Closed gmcgibbon closed 4 years ago

gmcgibbon commented 4 years ago

Currently, ruby_parser cannot unescape string literals with invalid encoding (in my tests, strings with unicode and binary characters). When scanning a file like this:

class ValidatorTest < Minitest::Test
  def test_reject_malformed_string
    malformed_string = "\xBA\xBBƮ\xC1\xF7\xB1\xB8"
    refute_predicate Validator.new(malformed_string), :valid?
  end
end

The stack-trace ends at ruby_parser-3.14.1/lib/ruby_lexer.rex.rb:163:in `gsub': incompatible character encodings: ASCII-8BIT and UTF-8 (Encoding::CompatibilityError). I've done two things to fix this:

  1. Make the lexer test case file UTF-8. This is needed to add a weirdly encoded string test.
  2. Change the rex template to parse literals with #process_string_literal. It essentially does the same thing with a fallback to encode the unquoted literal content as ASCII-8BIT.
zenspider commented 4 years ago

I couldn't sleep so I worked on this w/o remembering your PR. I came up with nearly the same solution with some minor exceptions. I use b instead of dup simply because it is shorter.
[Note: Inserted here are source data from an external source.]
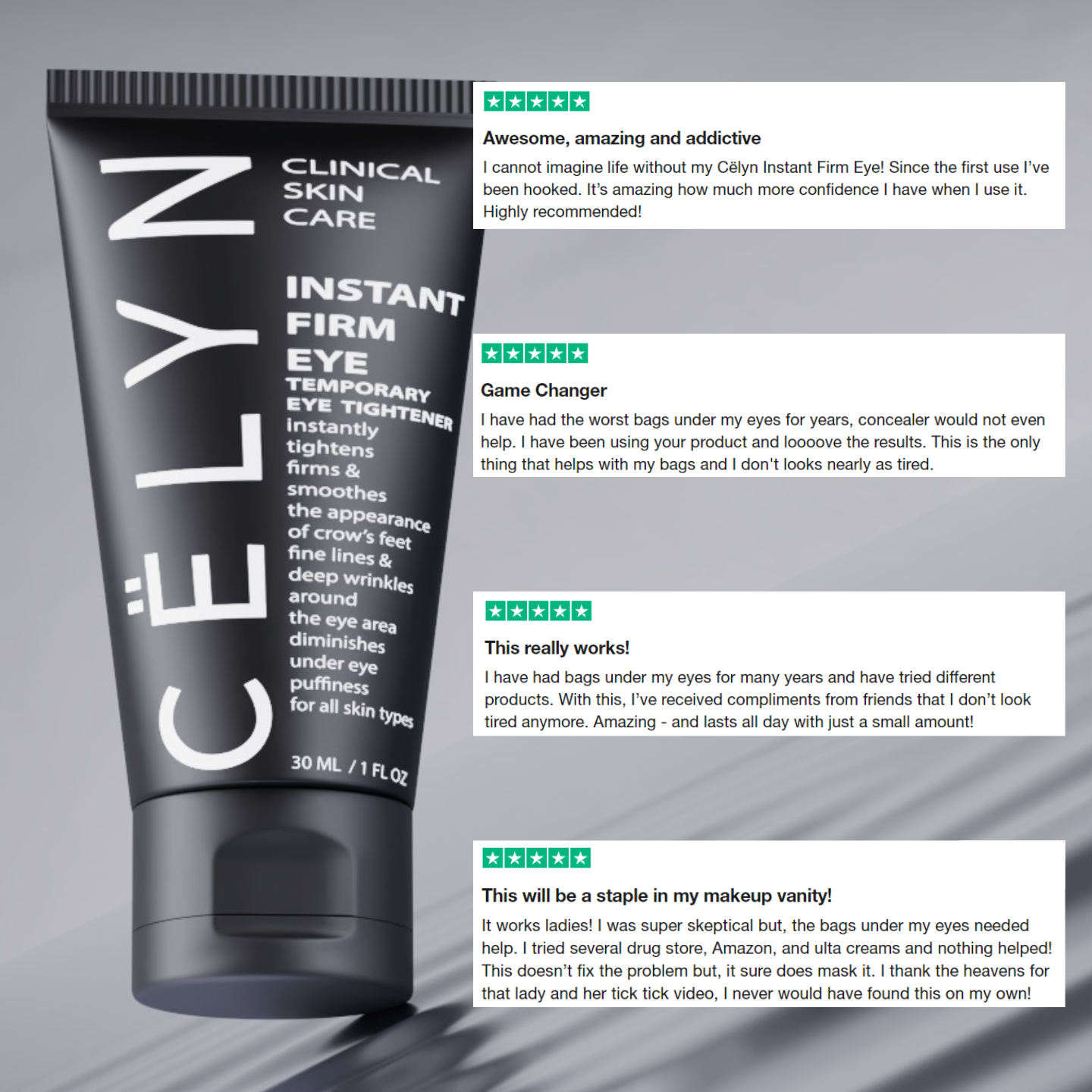 Thanks to our Cëlyn Instant FIRMx Eye Tightener, you can achieve an amazing youthful & rested glow in just 5 minutes - all without expensive treatments or procedures.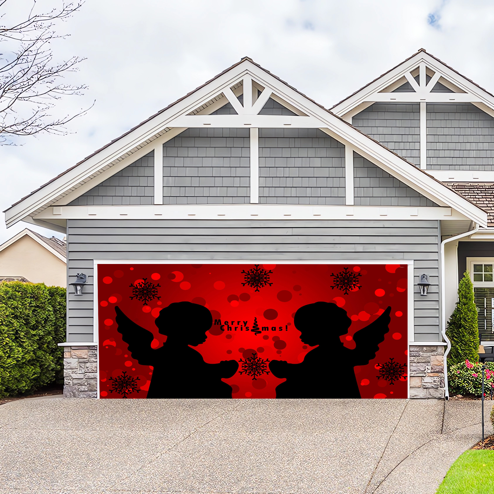 Cute Little Angel Christmas Garage Decor Billboard Door Mural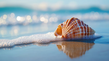 A beautiful close-up of a striped seashell resting on the wet sand at the shoreline, gently lapped by the ocean. The warm, golden light of sunset or sunrise illuminates the shell's intricate patterns and the sparkling grains of sand. This tranquil image evokes peaceful memories of summer vacations and the beach.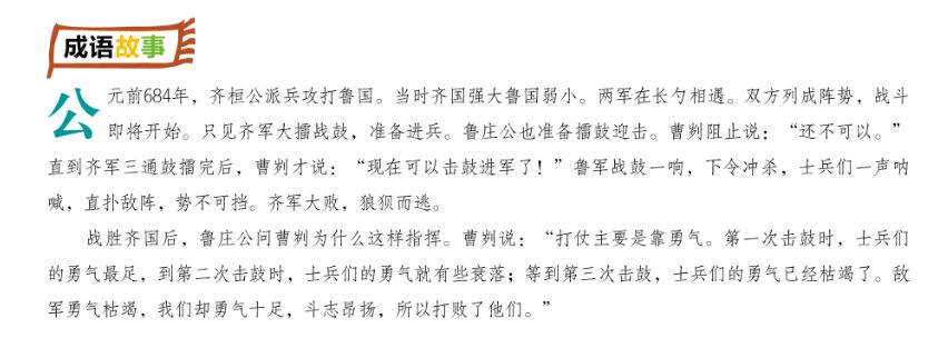 第二个故事属于拓展阅读,讲的是历史上相关的故事,涉及到名人、典籍、历史、地理等知识,进一步加深孩子对成语的理解,也积累了更加丰富的写作素材。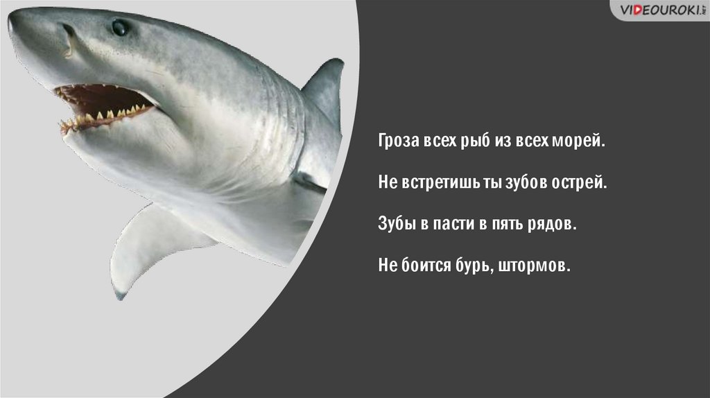Гроза всех рыб из всех морей.Не встретишь ты зубов острей.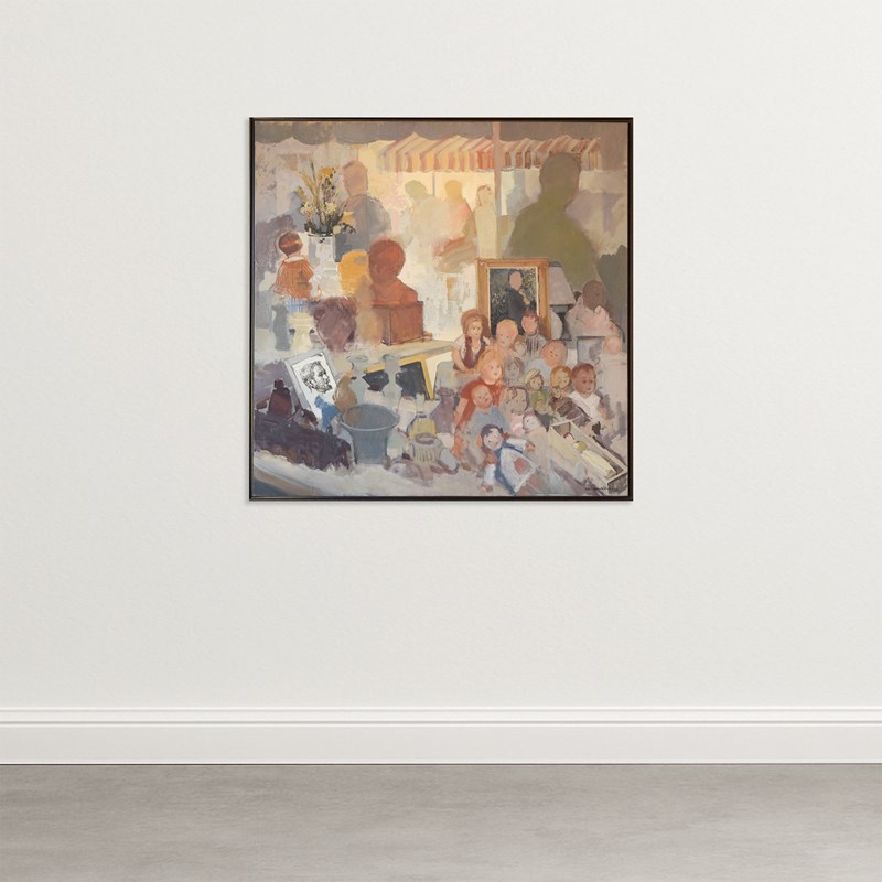With influences from the work of Scottish artist Joan Eardley, this fantastic piece truly captures the medley and miscellany of the antique market. The chaos of the composition allows you notice something new every time you glance at this painting, whilst the large scale absorbs the viewer within the scene, cleverly evoking the feeling of getting lost amongst the crowds.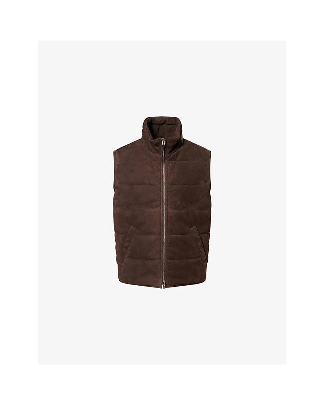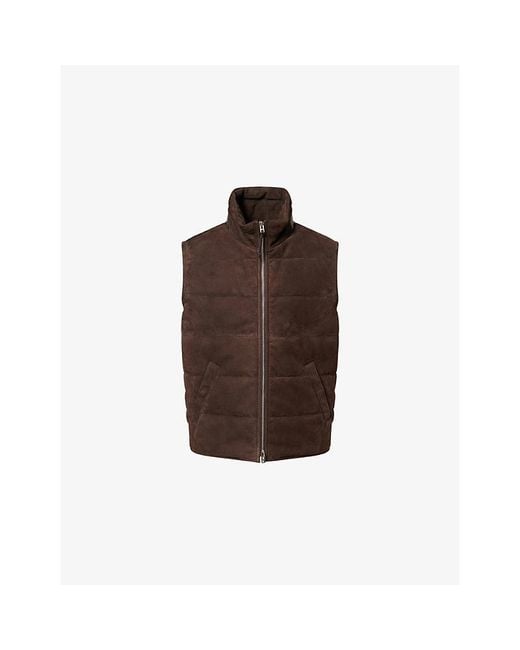 Men's Brown Stand-Collar Lightfill Leather Gilet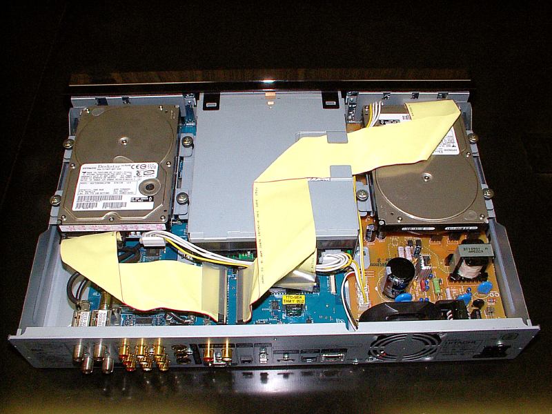 本機の内部はPCのようにシンプルな構成で、DVDドライブの両脇に2台のHDDが配置され、その下に電原基板と、青緑色のメイン基板が置かれている。HDDはシリアルATA接続で、RAID構成ではないが→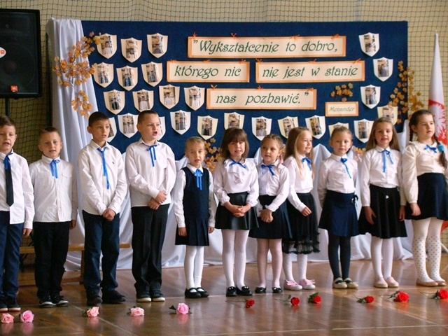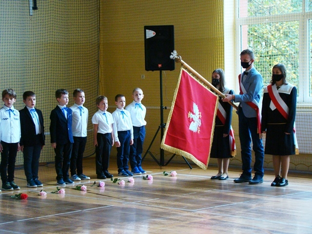 Pomimo braku szerokiej publiczności dzieci z klasy pierwszej - pod kierunkiem wychowawczyni p. Barbary Stelmach - zaprezentowały piękny program artystyczny i wspaniale zatańczyły poloneza. Oprawę muzyczną ślubowania zapewnił p. Krzysztof Smyda ze szkolnym zespołem wokalnym, a prowadzącymi całość wydarzenia były przedstawicielki Samorządu Uczniowskiego: Alicja Nieć z klasy VIII oraz Marlena Radomska z klasy VIIa.
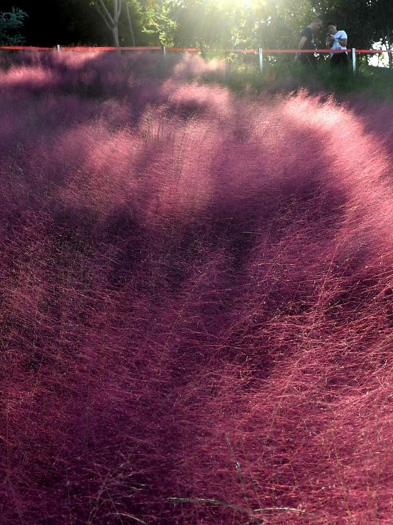 Parque coberto de gramas cor de rosa atrai mais turistas em Fuzhou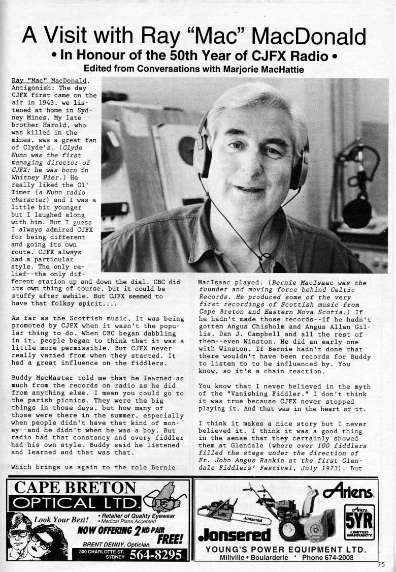 Page 75 - A Visit with Ray "Mac" MacDonald: In Honour of the 50th Year of CJFX Radio

One real difference is that in the assertions I force the encoding to the encoding of the expected... This lets me have tests with binary (or other) data and it needs to match. (I guess I need some tests to JUST check the encodings on output tho).

I even had to work out the US-ASCII declaration from the test file because I just couldn't figure out how to write the damn test otherwise.

Thank you for your contribution. Sorry I overlooked it. I did give you credit in the commit.